UK Government Mandates Open Access- Publishers Laugh on the Way to the Bank

Posted on July 18, 2012


Sorry, I have not been blogging as much, summer field work season is keeping me busy.  Most of you have probably heard that the UK government is now mandating Open Access for the research it pays for. Their funding councils have even come up with a new OA policy. Sounds great does it not? I know I was really happy when I saw the titles …… and then I read the details. This radical shake-up of higher education and publishing, not so radical. Do not get me wrong, the press for OA is great but the actual policy is …. well s#^$.

There is a huge emphasis on Gold Open Access and in fact the funding councils are now putting funds aside for gold OA. That means more money away from research and more money aimed at publishing. Now if this OA was something along the lines of Ubiquity Press, with 100 GBP per article, that would be great but it is not. This OA is the 2000 GBP per article type.

The policy says “Criteria which journals must fulfill to be compliant with the Research Councils’ Open Access policy are detailed within the policy, but include offering a “pay to publish” option or allowing deposit in a subject or institutional repository after a mandated maximum embargo period”. The key word is OR, not AND, which means publishers do not have to let someone deposit their article in a OA repository if they have an author pays option. Basically, we switch who pays for the publishing but we still have the problems of 30-40% profit margins for big publishers and prices rising at 5-10% annually for journals, neither of which is sustainable.

Several people have mentioned what happens if you can’t pay the price so I will not go into that problem but I will highlight some other problems I see with this policy.

  1. The UK makes up only a small portion of the total research in the world. This policy does nothing for everyone else and all other published papers. Basically, libraries will still have to fork out money for journals because 95-99% of the articles will still be behind a paywall. Thus the mandated OA is actually a huge boon for publishers profits. They can now collect multiple fees from us. Once, from libraries to access the majority of the material and also the OA martial as well (print is print so even if you can reach it online those paying for print still will be paying for the OA article. Online access? The total prices of journals has NEVER dropped because an author pays for part of the journal to be OA. They will still charge the same price for subscription) and twice when the author/government pays for the publication.
  2. How are the research councils paying for this? Through block grants to universities and research institutes.

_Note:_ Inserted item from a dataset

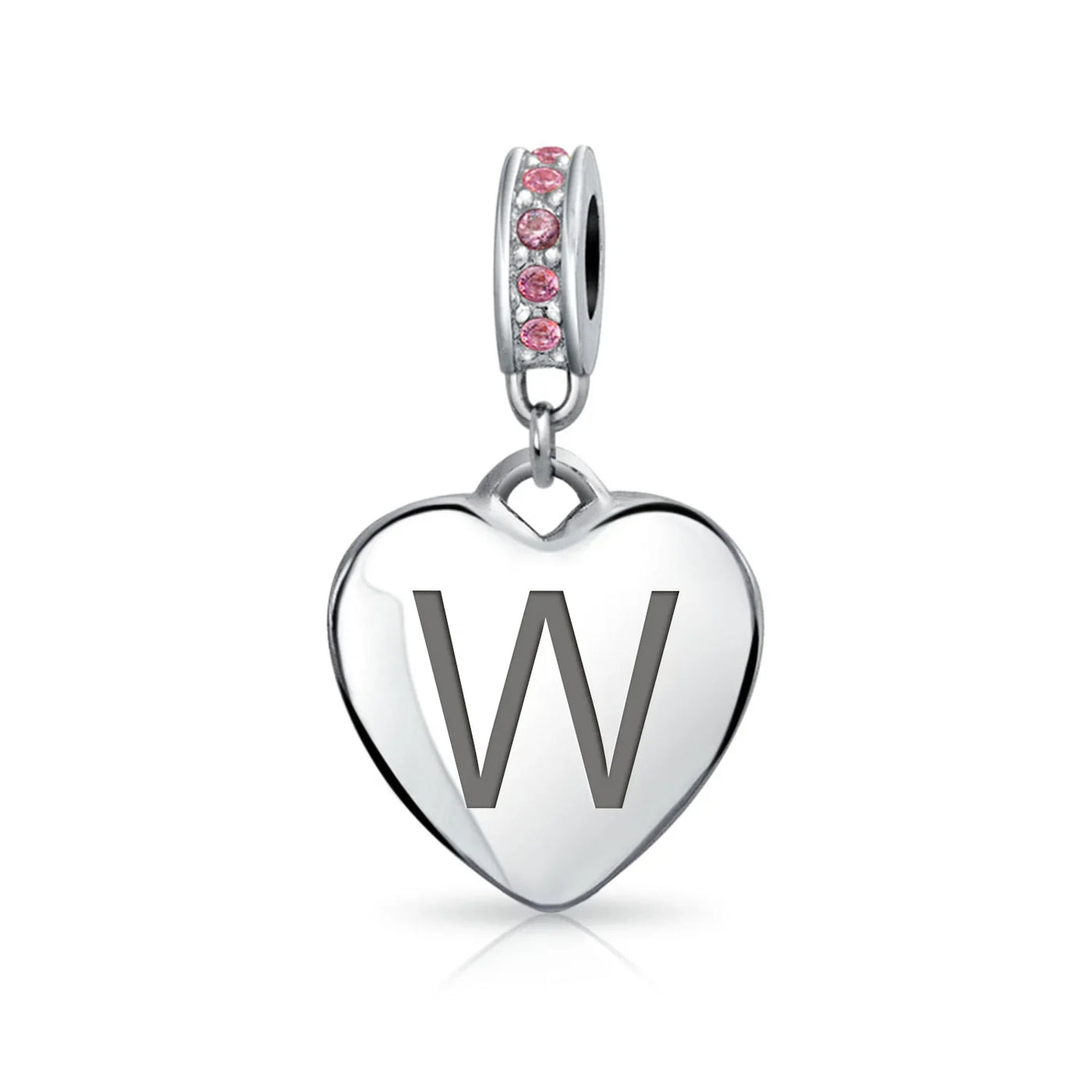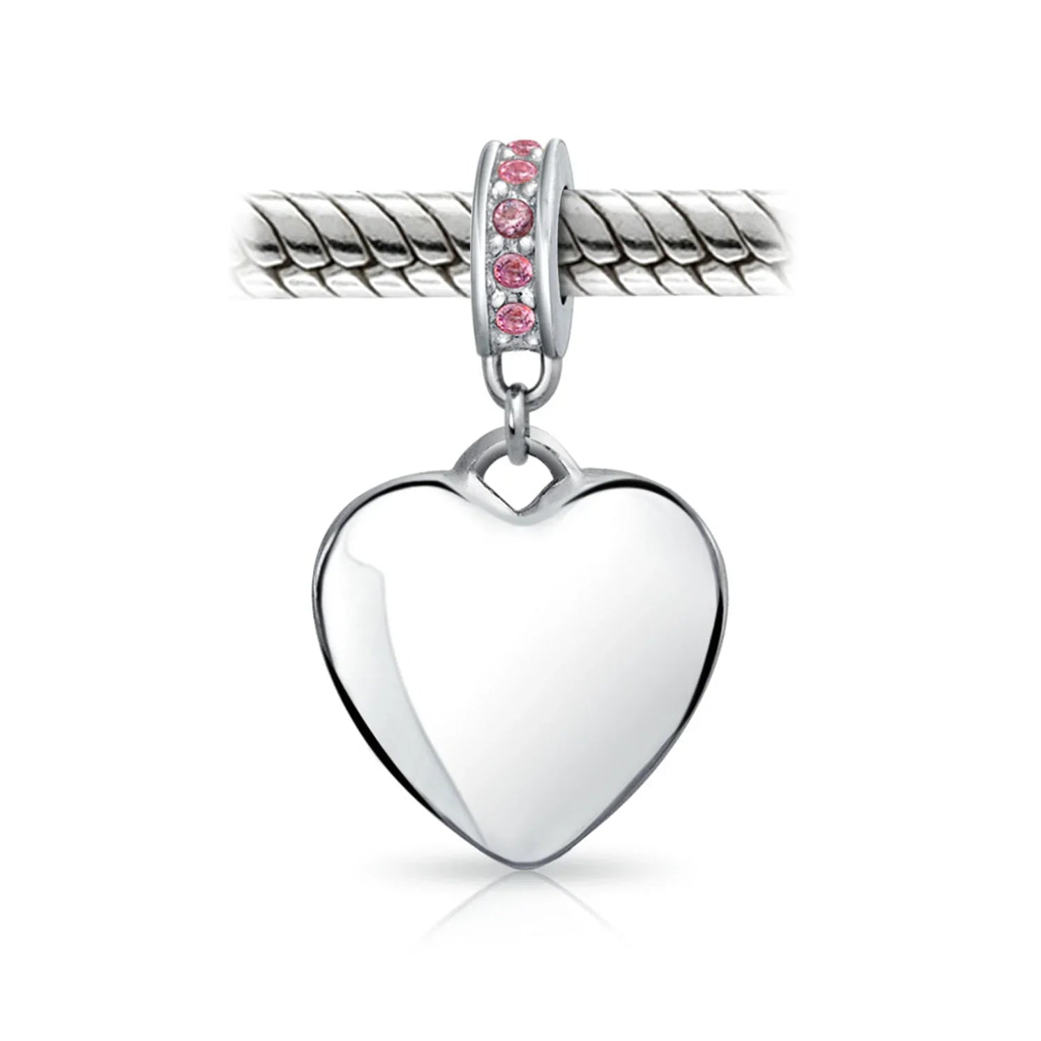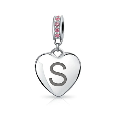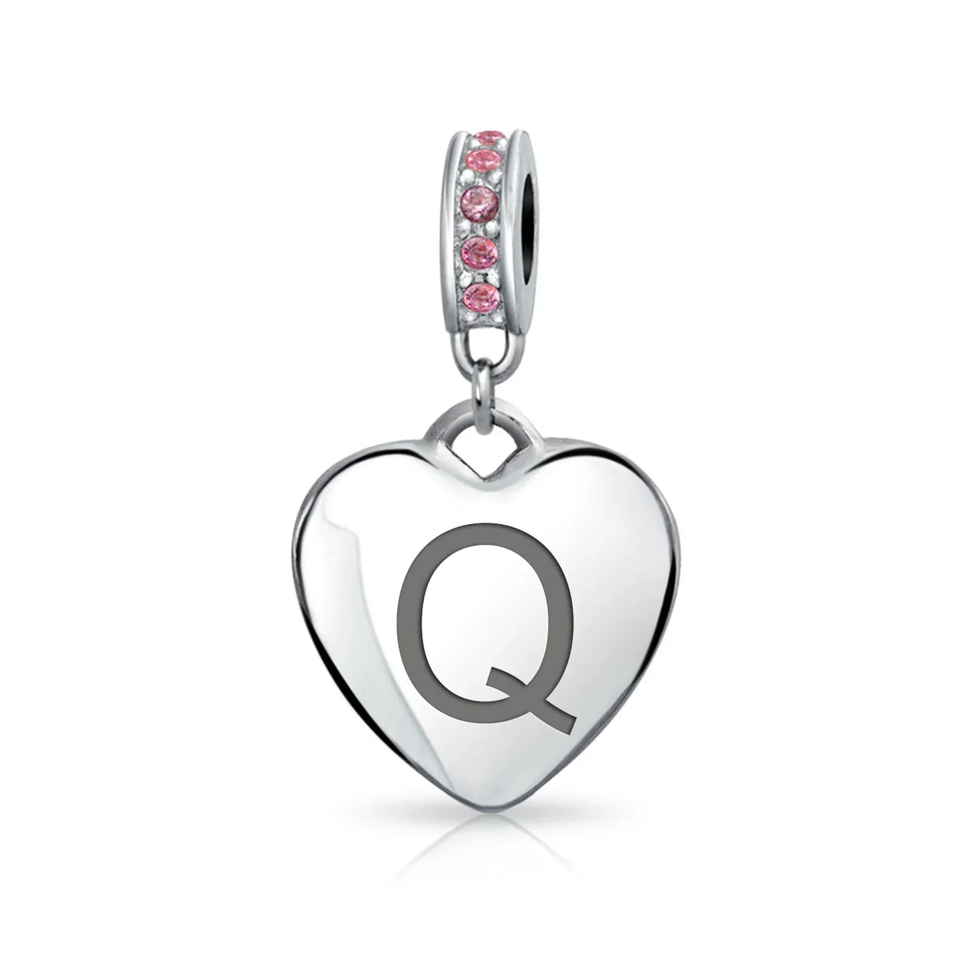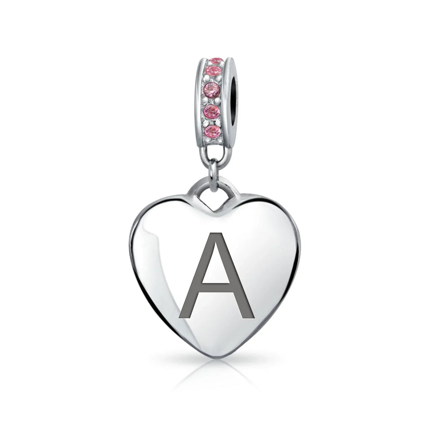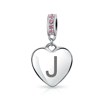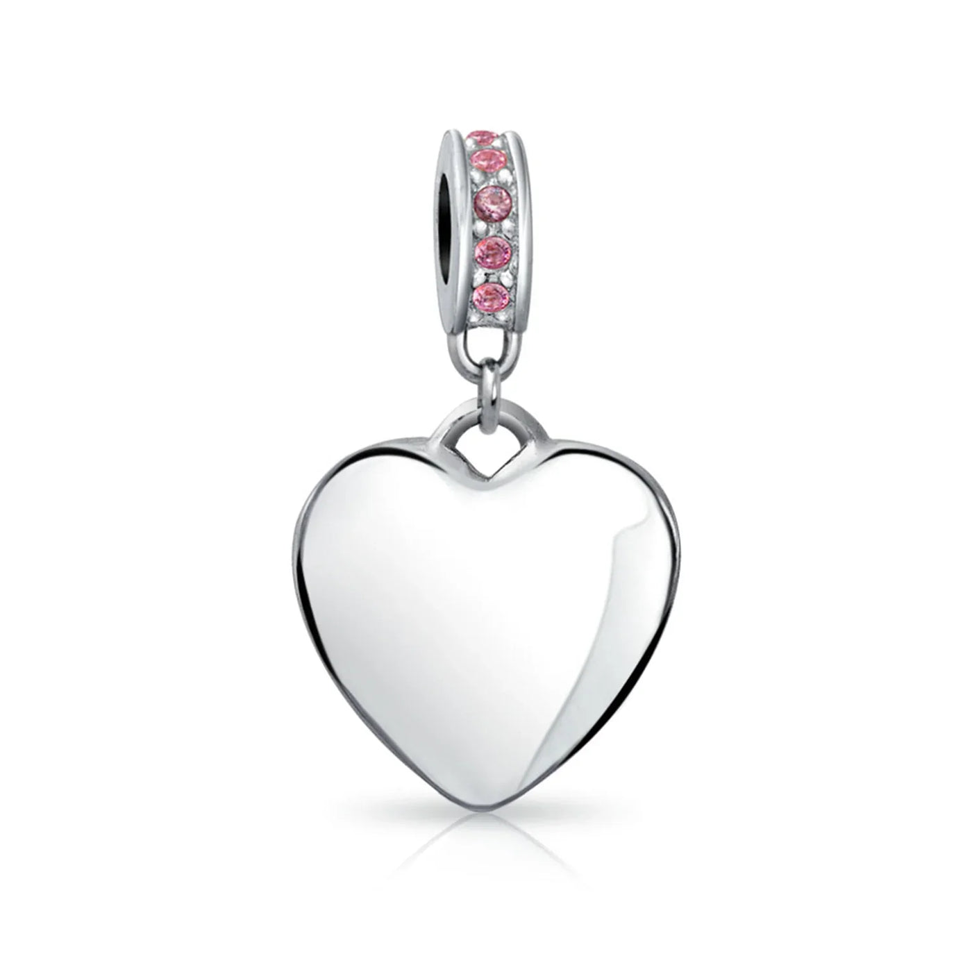 - Why not engrave names inspirational message, letters, numbers, date or coordinates. A beautifully sentimental gift, add a feminine touch to any bead story with this elegantly designed bead dangle charm. Featuring a lustrous heart motif with shimmering, simulated pink topaz, crystal accent on bail.

In the words of John Stewart “that is a cluster f%#$&”. Hi university staff, oh this was a particularly good year for publications and research, that is great. Sorry, we don’t have the funds to publish everything and yes, your career will suffer for it. Block grants will miss-allocate funds so that there will be shortages at some universities (I would be willing to be all but that is a different post). I can just see the in fighting now between physics and history about who deserves more of the funds to publish. Academics sharpen your knives as you are about to fight over another underfunded pot of money.
  3. Anyone who is British reading this have you ever heard of Hulu or Pandora websites? No, that is because they are blocked in the UK. I would ask anyone who is Chinese if they have heard of x, y, or z website but they can not actually read this blog as is block in China. Sure you can mandate OA in the UK but you can not do it everywhere else. Pretty sure publishers are already thinking of ways to keep their OA articles behind the paywall in other countries.
  4. Licensing- well with an author pays model the publishers can mandate any sort of license they want. Guess which license they are going for…. CC BY-NC, the non-commercial derivative of CC BY. Basically, someone can see an article but if they want to use it for anything else e.g. use a image from it, put the article up on a website, etc. they will still have to pay for that privilege. The publishers are still finding ways to get money out of the mandate.

Stop what you are doing right now and google search (insert publisher name Elsiver, Wiley-Blackwell, Springer, Maney, etc.) response to the UK mandate. Can’t find one? The reason is because their CEOs are too busy  laughing their way to the bank (and they don’t want to draw attention to the fact they are about to make out like bandits). The UK government has bungled their OA policy and now the publishers are going to be able to rank in even more money than before. Instead of mandating a UK wide repository in which they would have control over what restrictions could be placed on OA, in a sop to the publishers they have now put themselves on the hook for more money. Well done, well done. It takes a special type of government to screw themselves over.